The property owner isn’t the only one who stands to benefit from this arrangement. Local builders and banks get a shot in the arm, as do engineers, architects, and producers of building materials. New markets emerge for energy-efficient products. Contractors get back to work and fewer people lose their homes and go on the dole.
All told, Mazria says, that remodel will have doubled to tripled the value of the city’s stimulus dollar; for new construction, the city would see a 25-fold effect. (The 14x figure assumes a ratio of 70 percent renovation to 30 percent new building.) The resulting boom in construction-related spending also means higher tax revenues at all levels of government. “It builds local pots of money that cities can reinvest in more energy efficiency,” beams ICLEI’s Wyman. “It’s absolutely brilliant. Everybody wins.”
Mazria has vetted his plan with bankers at Wells Fargo, Bankers Trust, and Bank of the West, all of whom are interested in providing loans; while in Washington, he also met with the Teamsters, who are eager to get in on the green economy. The city of Des Moines, whose mayor, Frank Cownie, helped Mazria develop and pitch his proposal to state and federal leaders, has been fully on board. Cincinnati has expressed interest, too. Ditto Atlanta, Dubuque, Santa Barbara, Albuquerque, Fort Wayne. North Little Rock, population 61,000, is “absolutely” planning to file a 14x application, according to Mayor Hays.
The Arkansas contingent, in fact, is already devising new twists on the concept. Green business pioneer Martha Jane Murray, an architect and shoe factory co-owner who set up free home energy audits and energy-efficiency loans for her employees, is now considering ways to incorporate mortgage-rate paydowns into her program. By offering cheaper home loans as an employee benefit—contingent on an energy retrofit—a company could effectively give workers a pay raise that encourages them to stay put.
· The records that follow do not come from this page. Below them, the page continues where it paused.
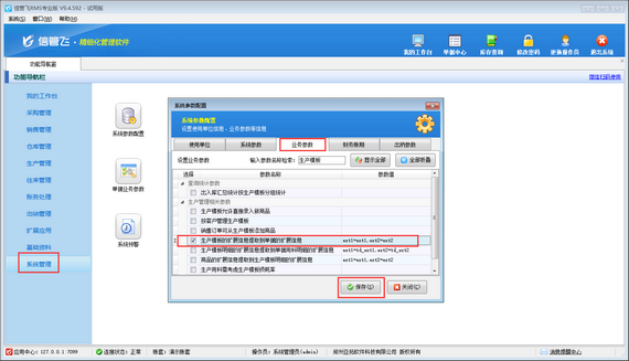 在功能導(dǎo)航窗點(diǎn)擊“系統(tǒng)管理”—》“系統(tǒng)參數(shù)配置”—》“業(yè)務(wù)參數(shù)”打開業(yè)務(wù)參數(shù)配置界面,然后在生產(chǎn)管理相關(guān)參數(shù)中打鉤啟用“生產(chǎn)模板的擴(kuò)展信息提取到單據(jù)的擴(kuò)展信息”參數(shù),參數(shù)值輸入相應(yīng)提取的擴(kuò)展信息編號,如提取擴(kuò)展信息1和擴(kuò)展信息2,則需要輸入“ext1=ext1,ext2=ext2”,用英文的逗號間隔,然后點(diǎn)擊“保存”按鈕保存參數(shù)配置,如下圖所示。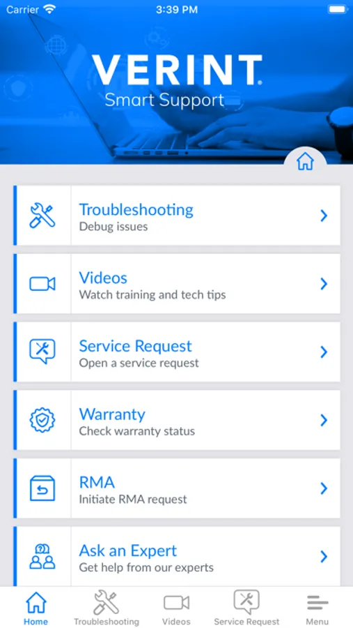 Verint Smart Support™, a mobile application that empowers users to connect with Verint customer service and support 24/7, on-demand from a mobile device. Smart Support delivers the benefit of remote access to support requests, training videos, troubleshooting tips, RMA requests, warranty status, and more.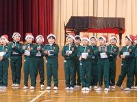 続いて2年生。かわいいサンタたちが「BINGO」と「ジングルベル」の2曲を元気いっぱい歌いました。
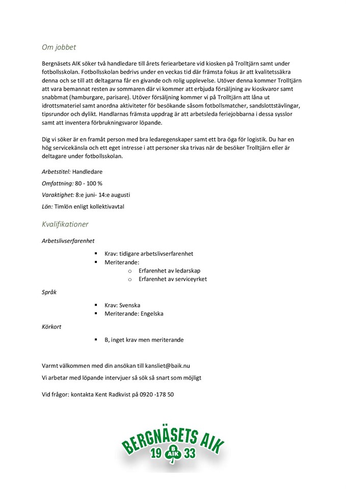 Hej, vill du eller känner du någon som vill jobba som handledare med oss på Trolltjärn i sommar? Varmt välkommen med din ansökan till oss!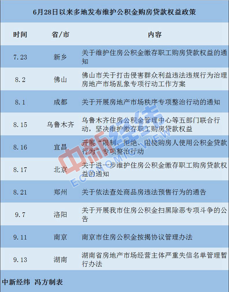 據(jù)中新經(jīng)緯客戶端(微信公眾號:jwview)不完全統(tǒng)計(jì),自6月28日通知公布以來,新鄉(xiāng)、佛山、成都、烏魯木齊、宜昌、北京、鄭州、洛陽、南京等9座城市以及湖南省相繼發(fā)布公積金新政,專門針對通知中整治房企拒絕、變相拒絕公積金貸款購房的違規(guī)行為進(jìn)行整治。

Mayor Hays suggests that cities might even use such incentives to, say, entice police officers to live in what he calls “challenged” areas of town. “It’s a simple idea,” he notes, “but it certainly seems to hold promise for some profound opportunities.”
DOE officials seemed “real excited” about 14x, Mazria says, and will likely look favorably upon local variations of his plan as the stimulus money begins to flow in earnest in late June. (“Yes, we’re excited,” confirms Claire Johnson, the department’s efficiency advisor for the stimulus package, “but we’re excited by a lot of things. The department is always interested in innovative ways to increase energy efficiency.”)
Phase 2 of the plan would elevate the concept to the federal level. Mazria envisions dipping into the $1.2 trillion pot the Federal Reserve has set aside to buy up debt and toxic securities and bolster Fannie Mae and Freddie Mac. A mere $60 billion of that money, Mazria says, would enable the federal government to tie mortgage-rate paydowns to energy efficiency on a grand scale, leading to $572 billion in construction spending, 9 million jobs, and $40 billion in state and local tax revenue.
Best of all, the whole thing will pay for itself: Within a year, Mazria calculates, that $60 billion will have brought in a whopping $120 billion in federal taxes. “To turn the country around,” says the architect, “you need to turn the building sector around. And you have an opportunity to transform it as you’re bringing it back.”